About this exercise =
Please give the whole listing again exactly, without any of its pictures.

Dataset content =
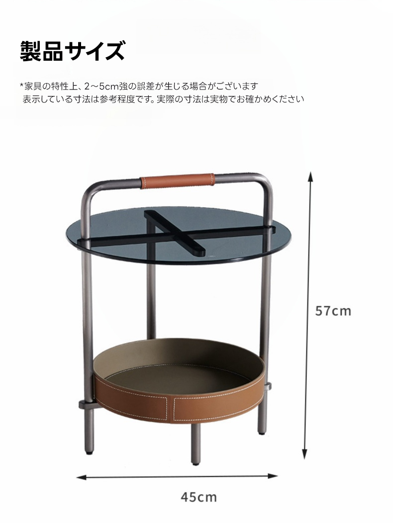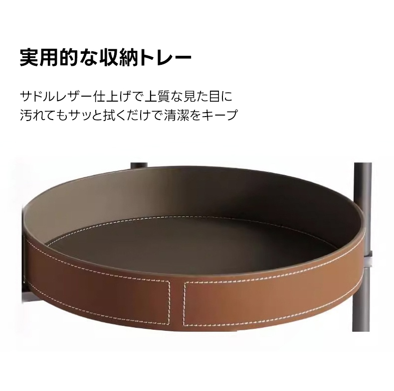 - 【コンパクトで機能的】高さ57cm、直径45cmのコンパクトサイズで、置き場所を選ばず自由に配置可能です。2段構造の収納トレーは、日常使いの小物を整理するのに便利で、清潔感を保ちやすいデザインです。
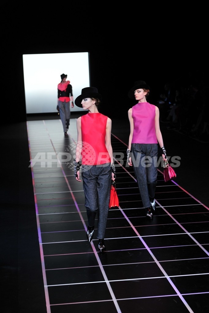 【2月28日 AFP】イタリア・ミラノ市内で21日から28日まで12/13年秋冬ミラノコレクションが開かれている。27日には、「ジョルジオ アルマーニ(GIORGIO ARMANI)」が新作を発表した。(c)AFP
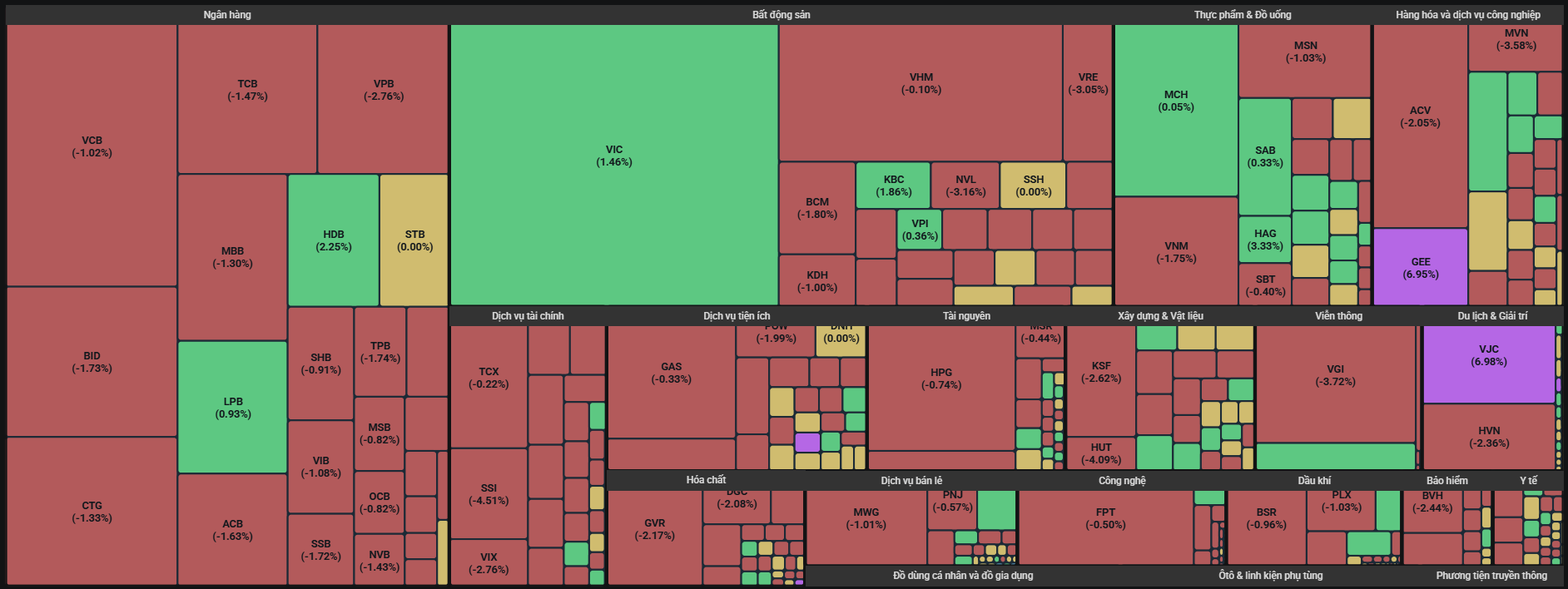 Áp lực bán lan rộng giảm sâu và một vài cổ phiếu rơi sàn nhưng thanh khoản thấp, chưa tạo hiệu ứng hoảng loạn. Nhóm ngân hàng đồng loạt giảm từ 1 - 3%. Nhóm chứng khoán chịu áp lực mạnh nhất với SSI (-4,51%), VIX (-2,76%), VND (-3,19%), SHS (-4,19%) cho thấy tâm lý thoát hàng rõ rệt. Với tình trạng bào mòn hàng ngày thì không quá bất ngờ khi một số cổ phiếu đã lùi về sát đáy tháng 4

Answer section =
 - 【コンパクトで機能的】高さ57cm、直径45cmのコンパクトサイズで、置き場所を選ばず自由に配置可能です。2段構造の収納トレーは、日常使いの小物を整理するのに便利で、清潔感を保ちやすいデザインです。
 【2月28日 AFP】イタリア・ミラノ市内で21日から28日まで12/13年秋冬ミラノコレクションが開かれている。27日には、「ジョルジオ アルマーニ(GIORGIO ARMANI)」が新作を発表した。(c)AFP
 Áp lực bán lan rộng giảm sâu và một vài cổ phiếu rơi sàn nhưng thanh khoản thấp, chưa tạo hiệu ứng hoảng loạn. Nhóm ngân hàng đồng loạt giảm từ 1 - 3%. Nhóm chứng khoán chịu áp lực mạnh nhất với SSI (-4,51%), VIX (-2,76%), VND (-3,19%), SHS (-4,19%) cho thấy tâm lý thoát hàng rõ rệt. Với tình trạng bào mòn hàng ngày thì không quá bất ngờ khi một số cổ phiếu đã lùi về sát đáy tháng 4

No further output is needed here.